# [WORK TO BE COMPLETED]
With the pictures removed, write out the data below exactly.

# [DATA]
---+---
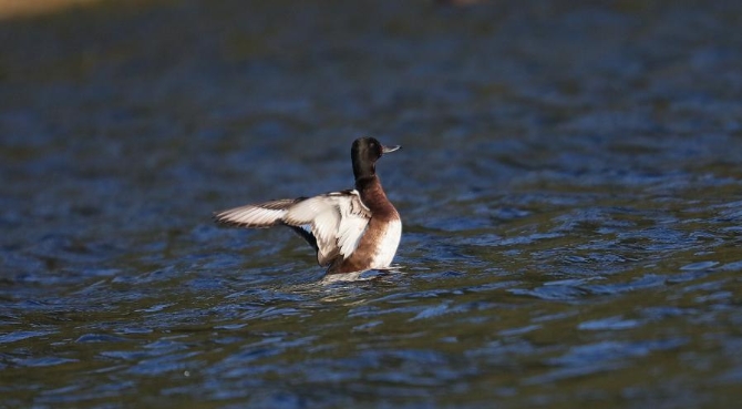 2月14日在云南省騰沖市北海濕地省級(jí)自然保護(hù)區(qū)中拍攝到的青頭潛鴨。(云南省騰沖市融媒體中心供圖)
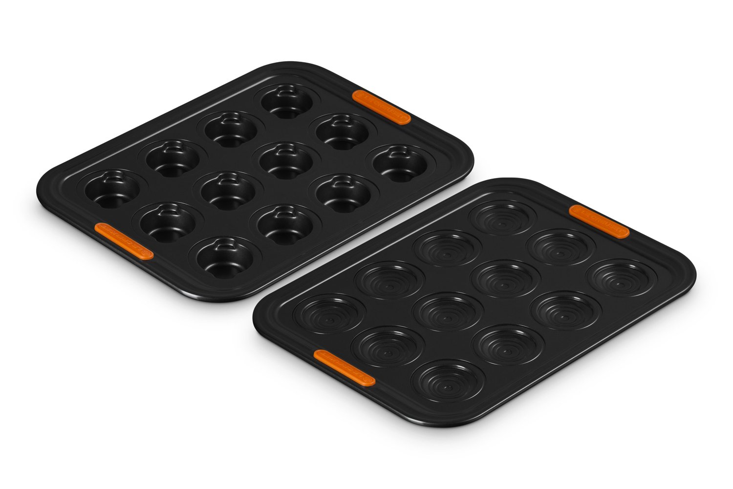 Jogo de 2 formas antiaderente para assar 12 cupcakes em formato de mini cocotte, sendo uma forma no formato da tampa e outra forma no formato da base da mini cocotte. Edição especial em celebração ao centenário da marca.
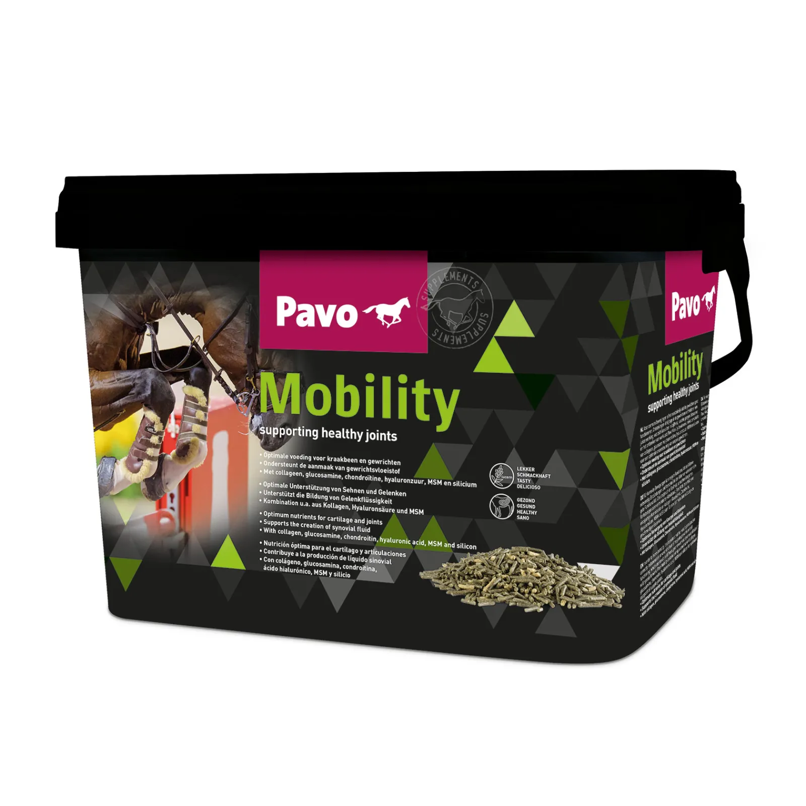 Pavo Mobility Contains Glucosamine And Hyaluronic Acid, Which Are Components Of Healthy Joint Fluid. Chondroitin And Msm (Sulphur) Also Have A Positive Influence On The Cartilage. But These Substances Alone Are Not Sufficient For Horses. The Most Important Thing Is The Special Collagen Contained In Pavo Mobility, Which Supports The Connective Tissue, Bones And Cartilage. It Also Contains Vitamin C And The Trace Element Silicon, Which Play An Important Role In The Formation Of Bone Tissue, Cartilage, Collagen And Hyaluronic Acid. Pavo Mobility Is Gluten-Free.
---+---
# [ANSWER SECTION]
 2月14日在云南省騰沖市北海濕地省級(jí)自然保護(hù)區(qū)中拍攝到的青頭潛鴨。(云南省騰沖市融媒體中心供圖)
 Jogo de 2 formas antiaderente para assar 12 cupcakes em formato de mini cocotte, sendo uma forma no formato da tampa e outra forma no formato da base da mini cocotte. Edição especial em celebração ao centenário da marca.
 Pavo Mobility Contains Glucosamine And Hyaluronic Acid, Which Are Components Of Healthy Joint Fluid. Chondroitin And Msm (Sulphur) Also Have A Positive Influence On The Cartilage. But These Substances Alone Are Not Sufficient For Horses. The Most Important Thing Is The Special Collagen Contained In Pavo Mobility, Which Supports The Connective Tissue, Bones And Cartilage. It Also Contains Vitamin C And The Trace Element Silicon, Which Play An Important Role In The Formation Of Bone Tissue, Cartilage, Collagen And Hyaluronic Acid. Pavo Mobility Is Gluten-Free.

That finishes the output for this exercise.